Almost 75 per cent of global companies plan to integrate “agentic” artificial intelligence into their operations by 2028, driving a market explosion from $8.5 billion today to $45 billion by the end of the decade.
In a report released at the World Economic Forum Annual Meeting in Davos today, Deloitte revealed that 74 per cent of organisations are preparing to deploy autonomous agents, systems capable of reasoning, planning and executing multi-step tasks without human intervention.
Costi Perricos, Global GenAI Business Leader at Deloitte, stated that these agents are already being used to streamline tasks in sectors ranging from finance to aviation.
“Agentic AI adoption is accelerating, but enterprises should redesign workflows and governance models to effectively integrate and orchestrate autonomous systems,” Perricos said.
However, the report warns of a significant “governance gap”. Despite these agents’ ability to initiate actions and interface directly with customers, only 21 per cent of surveyed leaders currently have a mature governance model in place for them.
Physical AI enters the real world
Beyond software, the report highlights the rapid rise of “physical AI”—robotics and sensor-based systems that bring autonomy into the real world.

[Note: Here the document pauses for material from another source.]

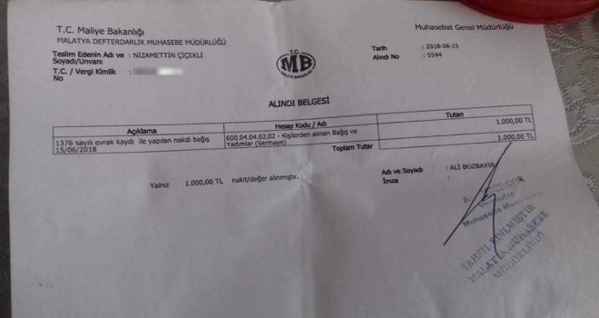 Malatyada yaşayan memur emeklisi Nizamettin Çiçekli, Türkiyeye ekonomi üzerinden oynanan oyunlara karşı aldığı emekli ikramiyesini devlete geri verdi.

More than half (58 per cent) of respondents said their companies are already using physical AI, with adoption projected to hit 80 per cent within two years.
The Asia Pacific region is currently leading this wave, driving widespread integration of robotics and autonomous vehicles.
“The practical realities of deploying physical AI… illustrate why current deployments have focused on controlled settings such as factories and warehouses,” the report notes.
The rise of ‘Sovereign AI’
Geopolitics is also increasingly shaping enterprise technology decisions, with “sovereign AI” — the push for domestic control over data and infrastructure — rising up the agenda.
Nearly 77 per cent of leaders surveyed said the location of AI development is now a key factor when choosing new technologies.
The report found a stark regional divide: only 11 per cent of companies in the Americas rely on foreign-sourced solutions for the majority of their AI stack, compared to 32 per cent in Europe, the Middle East and Africa.
“Sovereign AI has become a strategic challenge for multinational organisations, which must navigate complex requirements that vary by country,” Perricos added.